A successful shift to FDI will require strong safeguards, she says.

“When there’s finance, especially with lower-income countries who have ongoing IMF agreements, there is certain debt transparency and reporting standards that have to be met. And so there’s a certain guarantee of transparency that may not always be there in equity markets, for example, in commercial equity markets,” she says.

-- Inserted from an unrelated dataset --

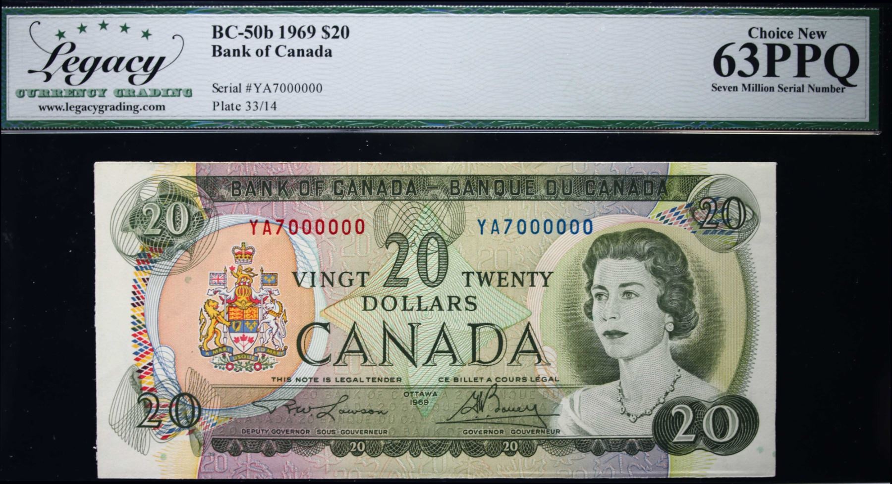 Million; 1969 $20 BC-50B #YA7000000 LCG Choice Uncirculated-63PPQ
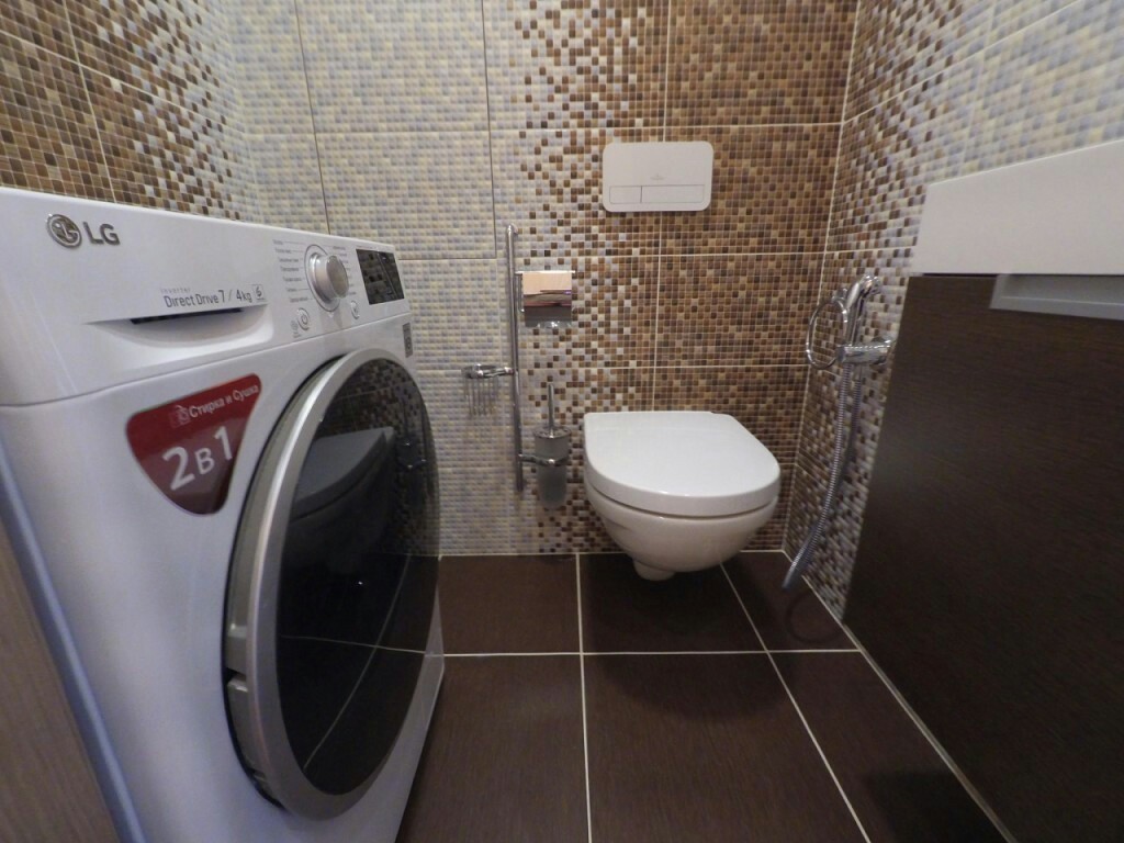 Совмещение ванной и туалета стало модным и удобным направлением обустройства жилых помещений. Естественно, возникает вопрос, как гармонично вписать унитаз, особенно при небольших габаритах комнаты. Оптимальный вариант — подвесной унитаз с инсталляцией. Пример его реализации показан на фото.

“And so it will be important to make sure transparency is protected. And that’s a host-country institutional capacity question that is not intrinsic to China. It’s intrinsic to developing countries managing changing investment and finance relationships.”

The evolution of Chinese lending will also be impacted by the outcome of the ongoing debt negotiations with key African borrowers of Chinese loans such as Zambia and Ethiopia.

“We are still in a ‘wait and see’ mode for understanding how debt discussions could impact future Chinese DFI lending to Africa,” says Moses. “However, it does appear that Chinese overseas development finance is increasingly taking on the ‘small is beautiful’ approach in Africa as well.”